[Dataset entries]
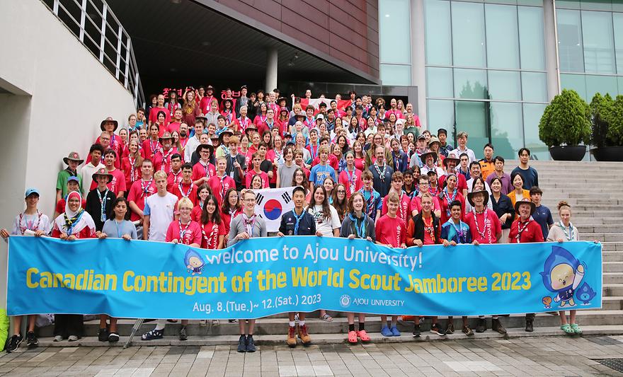 The Canadian contingent of World Scout Jamboree 2023 who stayed at Ajou University returned home safely. A total of 200 Canadian Scouts who withdrew from the camping site at Saemangeum due to the northern advancement of a typhoon stayed at Ajou University dormitory and continued their activities there for four days from August 8.A farewell event was held for the Canadian students on the morning of August 12 at the New Student Union Building of Ajou University. On behalf of the 200 members, the leader and students delivered greetings and shared their memories of the World Scout Jamboree and Ajou University.James Cadence said, “Although the situation was not what we expected, we are glad to have had this new experience. We thank Ajou University for offering the best dormitory and meals.” The university prepared refreshments and souvenirs for the Scouts. Drinks were also donated by Kim Jin-hwan, who lives near the university, to welcome and encourage the Canadian Scouts.A total of 200 Canadian Jamboree Scouts, including leaders, arrived at Ajou University in the afternoon of August 8. Although it was an quick decision, as World Scout Jamboree members had to leave Saemangeum, Jeollabuk-do, due to Typhoon Khanun’s advance north, Ajou University acted promptly to ensure the convenience and safety of the Scouts.Dormitory facilities were prepared based on the exact number of Scouts and their gender ratio. As the Canadian Scouts arrived in teams, orientations were held on Ajou University and its dormitory facilities. During the Scouts’ stay, breakfast, lunch, and dinner, as well as snacks such as fruit and fried chicken, were provided in the dormitory dining room. The Scouts participated in various cultural and experiential events prepared by Suwon City, including a tour of Suwon Hwaseong Fortress and visits to galleries, art centers, and museums.The World Scout Jamboree event is organized by the World Organization of the Scout Movement every four years. It is attended by youths aged 14 to 17 from all over the world. This year’s 25th World Scout Jamboree was held in Saemangeum, Buan-gun, Jeollabuk-do. Before the arrival of the Scouts at Ajou University, welcome kits containing slippers and toiletries were prepared. Fruit, sandwiches, and drinks were also on hand. A resident donated drinks to welcome the Canadian Scouts staying at Ajou University.Posing for a photo at the farewell event with a Canadian flag bearing messages from the 200 Canadian Scouts that stayed at Ajou UniversityCanadian Jamboree Scouts preparing to return home after their four-day stay at Ajou University
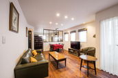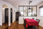 | もともとあった書棚、手持ちのソファや椅子、ローテーブルがゆったりと配置されたリビング。ドアの向こうはご主人の部屋 | ガラスの造作窓のおかげで空間が広く感じられ、レストランのような雰囲気も漂うダイニング。生活感が出やすい冷蔵庫は、手前に食器棚を置いて見えないようにした |
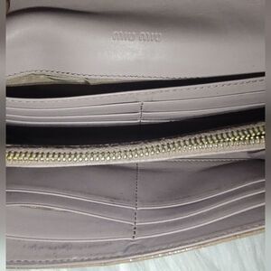 Nice Miu Miu bifold croc-embossed leather wallet in very good condition. The interior is very clean (other than the coin compartment)--look at that beautiful pink! Callouts: There is some wear/dirt to the exterior consistent with what you'd normally see on the Miu Miu wallets, and corner rubbing (I have partly touched that up). Still a great luxury piece! Priced to match condition.
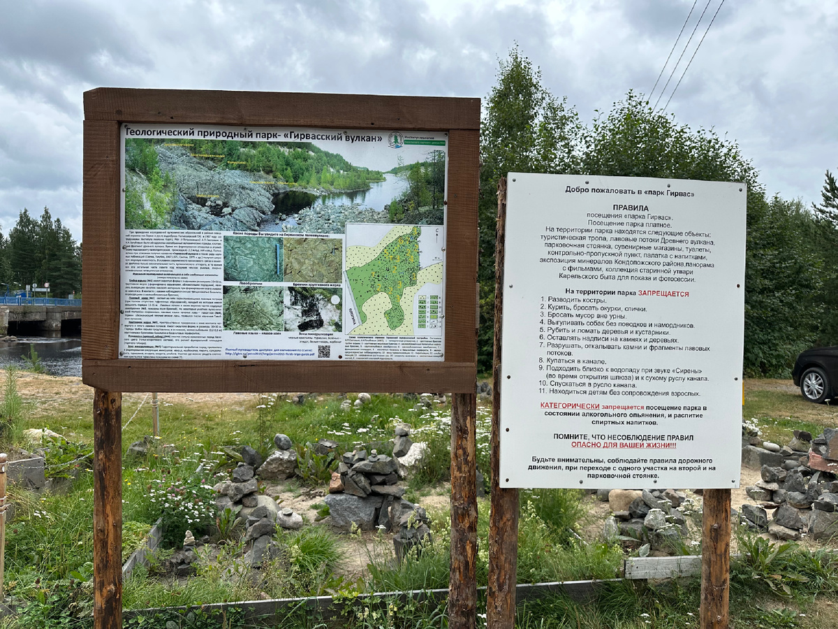 В 12 часов дня мы были в Кондопожском районе, нашей следующей остановкой стал Геологический природный парк «Гирвасский вулкан». Находится он неподалёку от посёлка Гирвас, в русле реки Суна. От посёлка до вулкана - около 2,5 километров. Расстояние на машине от Медвежьегорска - 77 км, время в пути около часа.
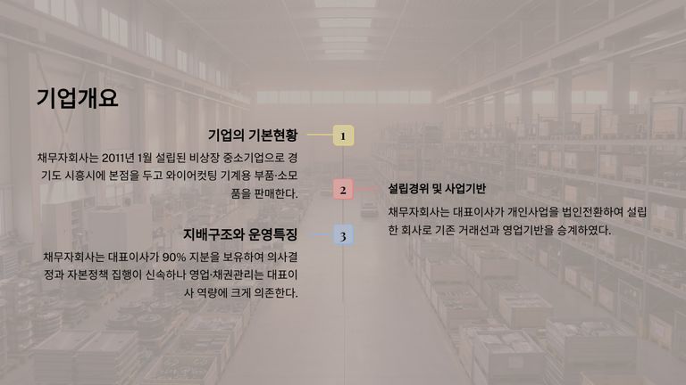 채무자회사는 2011년 1월 설립된 비상장 중소기업으로서 경기도 시흥시에 본점을 두고, '와이어컷팅 기계용 부품 및 소모품'의 판매(도·소매)를 주력사업으로 영위한다.

## EXERCISE PROMPT
A complete and exact copy of the records is required. Exclude the pictures.

## EXERCISE RESULT
 The Canadian contingent of World Scout Jamboree 2023 who stayed at Ajou University returned home safely. A total of 200 Canadian Scouts who withdrew from the camping site at Saemangeum due to the northern advancement of a typhoon stayed at Ajou University dormitory and continued their activities there for four days from August 8.A farewell event was held for the Canadian students on the morning of August 12 at the New Student Union Building of Ajou University. On behalf of the 200 members, the leader and students delivered greetings and shared their memories of the World Scout Jamboree and Ajou University.James Cadence said, “Although the situation was not what we expected, we are glad to have had this new experience. We thank Ajou University for offering the best dormitory and meals.” The university prepared refreshments and souvenirs for the Scouts. Drinks were also donated by Kim Jin-hwan, who lives near the university, to welcome and encourage the Canadian Scouts.A total of 200 Canadian Jamboree Scouts, including leaders, arrived at Ajou University in the afternoon of August 8. Although it was an quick decision, as World Scout Jamboree members had to leave Saemangeum, Jeollabuk-do, due to Typhoon Khanun’s advance north, Ajou University acted promptly to ensure the convenience and safety of the Scouts.Dormitory facilities were prepared based on the exact number of Scouts and their gender ratio. As the Canadian Scouts arrived in teams, orientations were held on Ajou University and its dormitory facilities. During the Scouts’ stay, breakfast, lunch, and dinner, as well as snacks such as fruit and fried chicken, were provided in the dormitory dining room. The Scouts participated in various cultural and experiential events prepared by Suwon City, including a tour of Suwon Hwaseong Fortress and visits to galleries, art centers, and museums.The World Scout Jamboree event is organized by the World Organization of the Scout Movement every four years. It is attended by youths aged 14 to 17 from all over the world. This year’s 25th World Scout Jamboree was held in Saemangeum, Buan-gun, Jeollabuk-do. Before the arrival of the Scouts at Ajou University, welcome kits containing slippers and toiletries were prepared. Fruit, sandwiches, and drinks were also on hand. A resident donated drinks to welcome the Canadian Scouts staying at Ajou University.Posing for a photo at the farewell event with a Canadian flag bearing messages from the 200 Canadian Scouts that stayed at Ajou UniversityCanadian Jamboree Scouts preparing to return home after their four-day stay at Ajou University
 | もともとあった書棚、手持ちのソファや椅子、ローテーブルがゆったりと配置されたリビング。ドアの向こうはご主人の部屋 | ガラスの造作窓のおかげで空間が広く感じられ、レストランのような雰囲気も漂うダイニング。生活感が出やすい冷蔵庫は、手前に食器棚を置いて見えないようにした |
 Nice Miu Miu bifold croc-embossed leather wallet in very good condition. The interior is very clean (other than the coin compartment)--look at that beautiful pink! Callouts: There is some wear/dirt to the exterior consistent with what you'd normally see on the Miu Miu wallets, and corner rubbing (I have partly touched that up). Still a great luxury piece! Priced to match condition.
 В 12 часов дня мы были в Кондопожском районе, нашей следующей остановкой стал Геологический природный парк «Гирвасский вулкан». Находится он неподалёку от посёлка Гирвас, в русле реки Суна. От посёлка до вулкана - около 2,5 километров. Расстояние на машине от Медвежьегорска - 77 км, время в пути около часа.
 채무자회사는 2011년 1월 설립된 비상장 중소기업으로서 경기도 시흥시에 본점을 두고, '와이어컷팅 기계용 부품 및 소모품'의 판매(도·소매)를 주력사업으로 영위한다.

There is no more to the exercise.